As the new tax year begins, is your business fully prepared?
The new tax year which began on April 6 for SMEs is an important time for businesses to plan how they will balance their cash flow with their tax obligations, and their desire to invest and grow. A number of tax changes will have an impact on how businesses should plan their budgets for the forthcoming year.
Businesses need to ensure they take advantage of the reduction in corporation tax to 20% by considering whether this might free up some funds for capital investments. As the economic recovery hits full swing, this could be an ideal time for companies to make investments which will support growth
Another issue that not all will have considered is whether 2015/16 might be the right time to sell non-core business assets, as the reduction in corporation tax will increase the amount of post-tax revenue generated by the sale of land, for example. This could provide further funds to invest in core operations. and leasing could be a great way to maximise the impact of your capital spend.
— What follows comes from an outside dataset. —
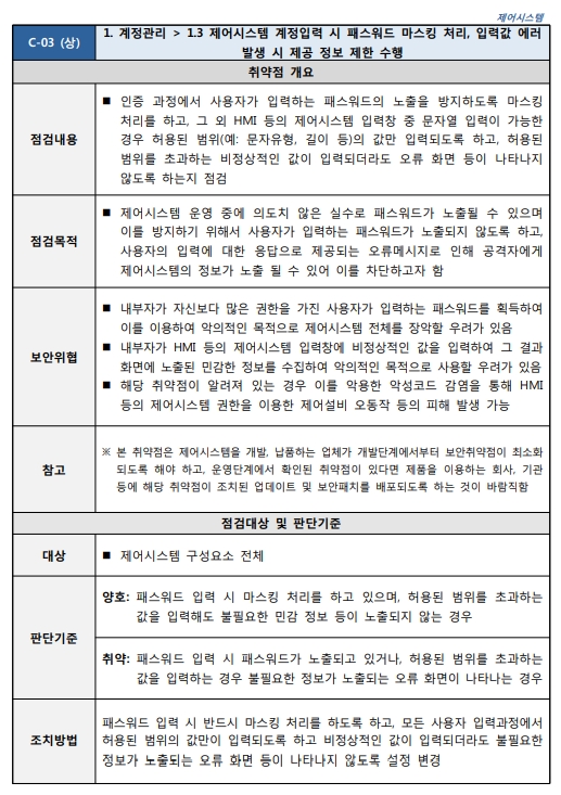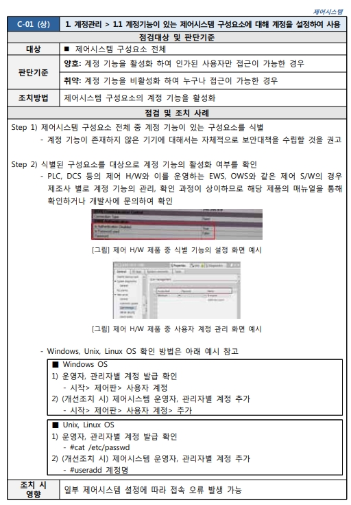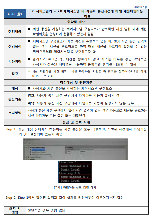 출처 : [2021.03] 과학기술정보통신부, 한국인터넷진흥원 발간 내용 "주요정보통신기반시설 기술적 취약점 분석ㆍ평가 방법 상세가이드"

A couple of changes to National Insurance Contributions also need to be noted, including good news for businesses employing young people as employers no longer need to pay NICS for employees under the age of 21.
Other small tweaks have been made to business rates. The Small Business Rate Relief scheme has doubled for a further year, providing 100% relief for businesses with a single property with a rateable value of less than £6,000, and tapered relief with a rateable value of £6,000 - £12,000.
The business rates discount for shops, pubs, cafes and restaurants with a rateable value of £50k or below has also increased from £1,000 to £1,500.
It’s vital that all small businesses are aware of the reliefs they are entitled to on business rates, and take full advantage of any potential reductions.